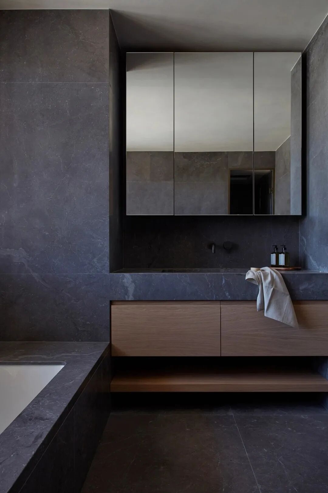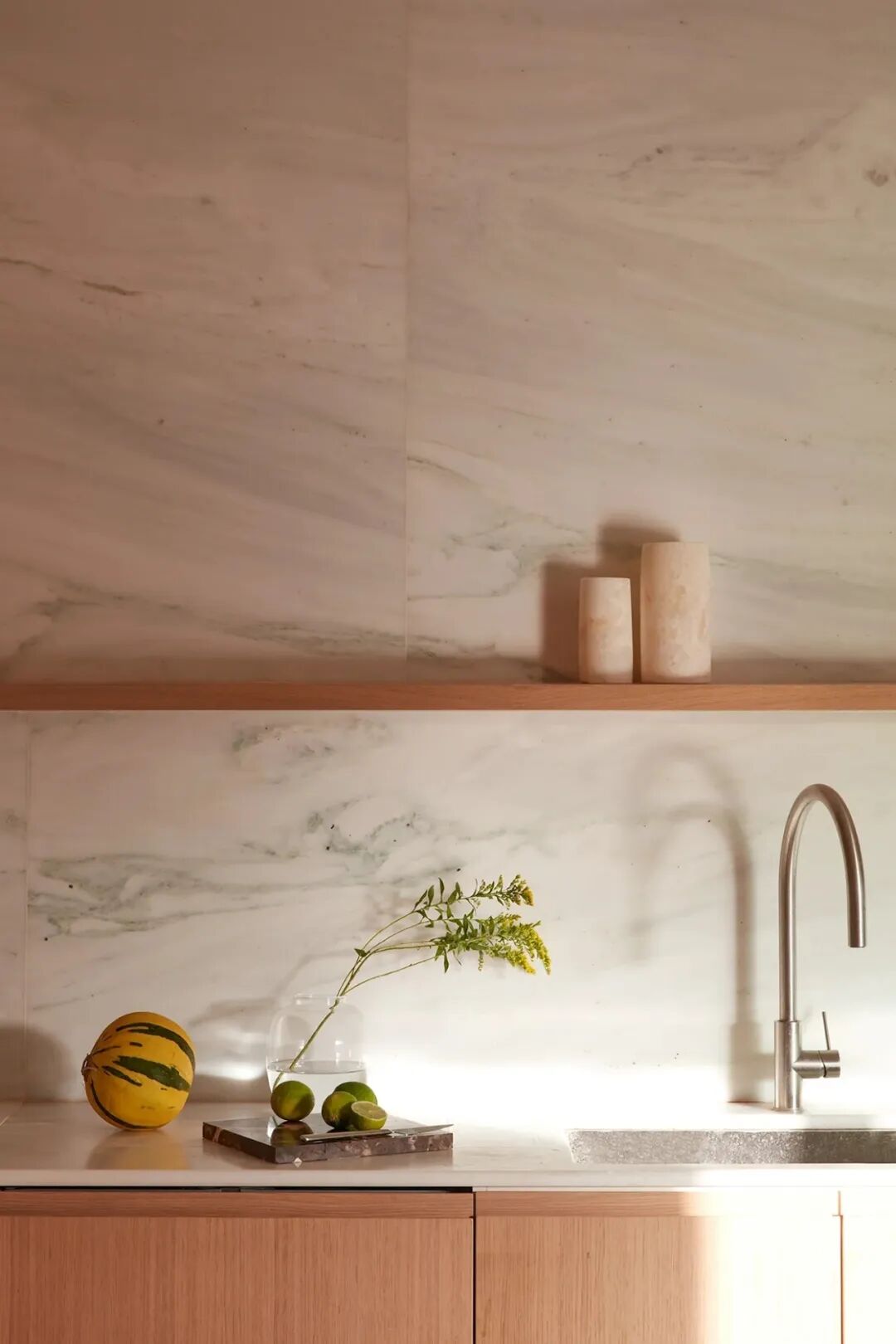 The interior composition is built around the clean yet warm and textured organic minimalism that defines Block722’s work. The material palette includes dark and light timber (predominantly oak) for floors and joinery, light coloured marble, metal, and soft white walls.
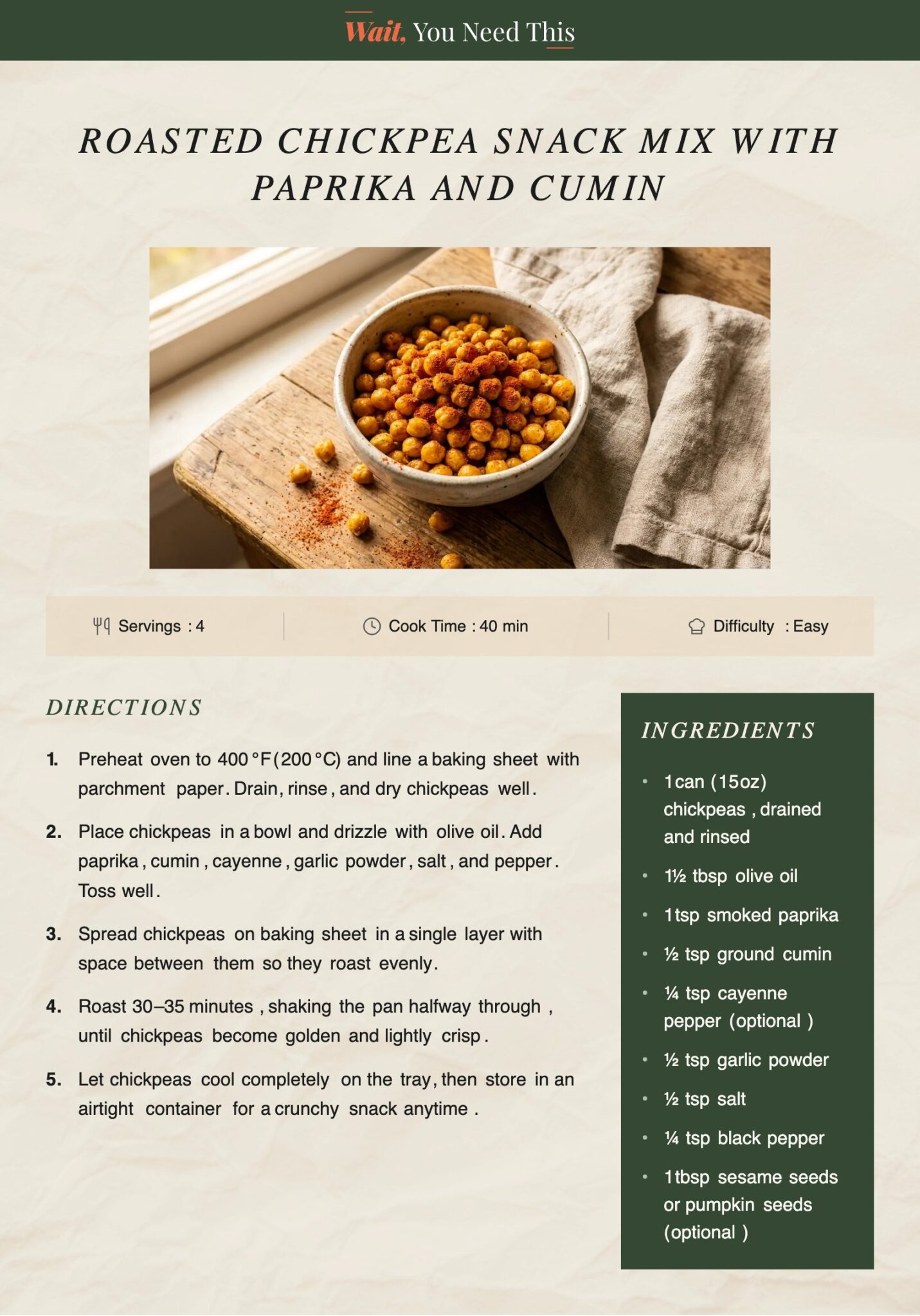 When chickpeas roast in the oven, they turn lightly crisp on the outside while staying soft inside. Adding smoked paprika and cumin brings warmth and depth, making them far more interesting than plain roasted beans.
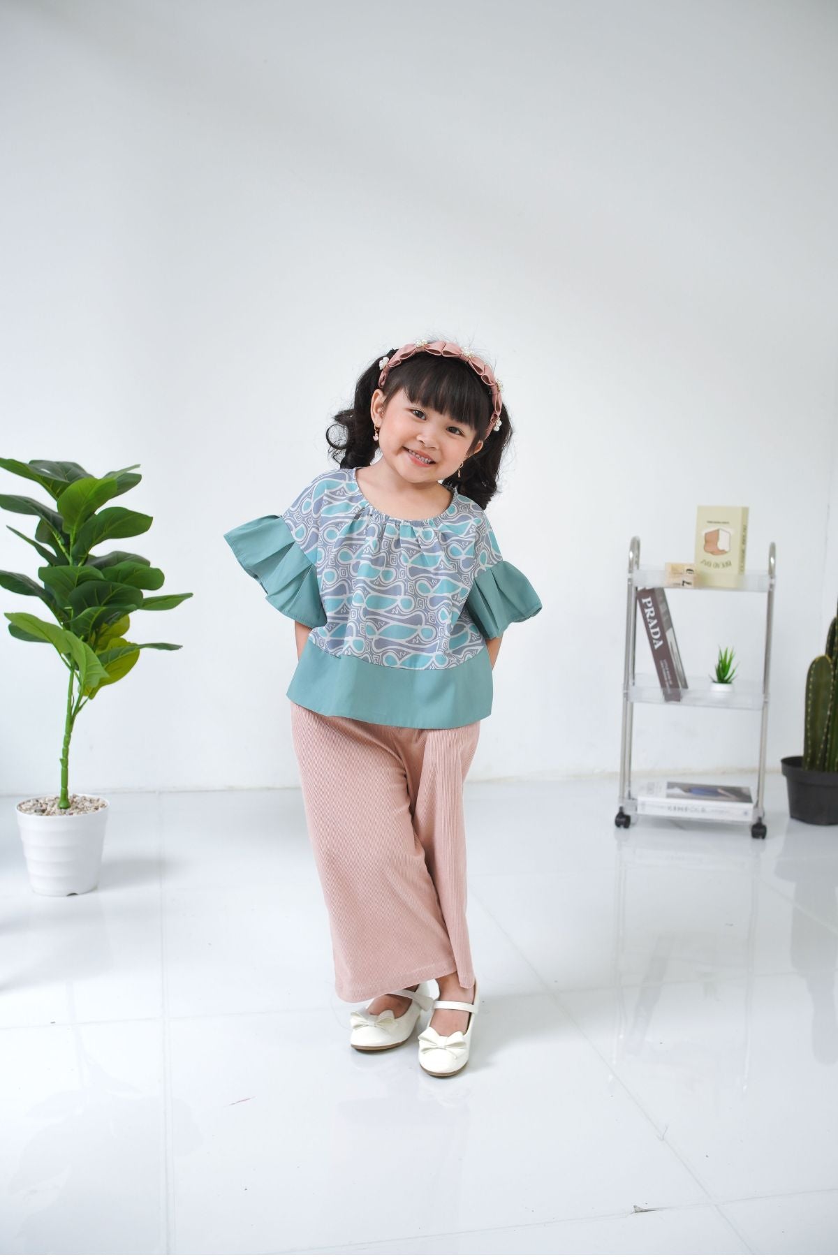 The Dian Top is where tradition meets a modern twist. Featuring soft, colorful batik fabric, this top is designed with a sleek, folded sleeve detail that adds a subtle yet stylish flair — perfect for girls who love to dress up with ease and comfort.
****************
Task objective
All of the listing should be transcribed exactly, but none of its images.

Task response
 The interior composition is built around the clean yet warm and textured organic minimalism that defines Block722’s work. The material palette includes dark and light timber (predominantly oak) for floors and joinery, light coloured marble, metal, and soft white walls.
 When chickpeas roast in the oven, they turn lightly crisp on the outside while staying soft inside. Adding smoked paprika and cumin brings warmth and depth, making them far more interesting than plain roasted beans.
 The Dian Top is where tradition meets a modern twist. Featuring soft, colorful batik fabric, this top is designed with a sleek, folded sleeve detail that adds a subtle yet stylish flair — perfect for girls who love to dress up with ease and comfort.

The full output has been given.